経済界に新たな風!営農型ペロブスカイト太陽電池の実証実験が始動
2024年8月2日、千葉県匝瑳市で、積水化学工業株式会社と株式会社TERRAの2社による共同実証実験が国内で初めて行われました。この実験は、フィルム型ペロブスカイト太陽電池を使った営農型太陽光発電、いわゆるソーラーシェアリングを対象にしています。
背景と意義
近年、気候変動問題は世界的な課題となっており、2050年には脱炭素社会の実現が求められています。ここで注目されているのが、フィルム型ペロブスカイト太陽電池です。この技術は、軽量で柔軟性が高いため、これまでのシリコン系太陽電池では設置が難しかった場所でも導入が可能になります。再生可能エネルギーの導入量を増やす手段として、非常に期待されています。

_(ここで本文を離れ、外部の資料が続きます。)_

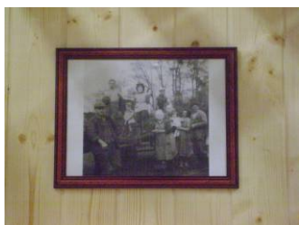
Family portrait from c. 1960

Along a river full of vinous oddities, Cheverny and Cour-Cheverny are so off the beaten track that they might as well be mainstream. Like much of the eastern Touraine, the two appellations are a patchwork of clay and sand-dominated parcels, with hints of silica (silex) and chalk peeking through, especially in the heart of the region. Cheverny is largely planted to the same varieties as the rest of Touraine (Sauvignon and Chardonnay, Gamay, Pinot Noir, Cabernets Franc and Sauvignon, and handfuls of Pineau d'Aunis), but its brethren Cour-Cheverny is the last bastion of Romorantin, a late-ripening, powerful grape which used to be more common. Romorantin is a finicky grape to work with

積水化学は、独自の技術を用いて屋外耐久性を高め、30cm幅のロール・ツー・ロール製造プロセスを確立しました。現段階では、発電効率15.0%を達成し、さらなる発展が期待されています。TERRAは、営農型太陽光発電に特化した事業を展開しながら、SDGsやカーボンニュートラルの実現に向けた取り組みを行っています。
実証実験の詳細
実証実験は、千葉県匝瑳市の飯塚地域で行われ、主に以下の3つの内容が検証されます。
1.
フィルム型ペロブスカイト太陽電池の設置方法の確立
既存の営農型太陽光発電システムでは、重量による構造上の課題がありました。今回の実証では軽量なペロブスカイト太陽電池を活用し、施工方法や架台の設計を見直します。
2.
発電効率の測定
レンズ型モジュールを使用し、曲面での発電効率を測定します。予測値と実測値の比較を通じて、技術の信頼性を確認します。
3.
農作物への影響調査
実験中に、営農型太陽光発電設備下で栽培される農作物の成長環境に与える影響を調査し、最適な栽培条件を模索します。
今後の展望
この実証実験は、営農型太陽光発電の導入手法の確立を目指しており、全国の農地での展開が計画されています。特に遊休農地や耕作放棄地へのペロブスカイト太陽電池の適用も進めることで、脱炭素社会の実現に寄与することが期待されます。さらに、環境問題に配慮した「ソーラービール」など、新しい形態の6次化事業にも取り組んでいます。
結論
積水化学とTERRAによる共同実証実験は、再生可能エネルギーの導入拡大に向けた重要なステップです。ペロブスカイト太陽電池の技術革新が、農業と環境保護の両立に向けた道を切り開くことを期待しています。これからの動向に注目です。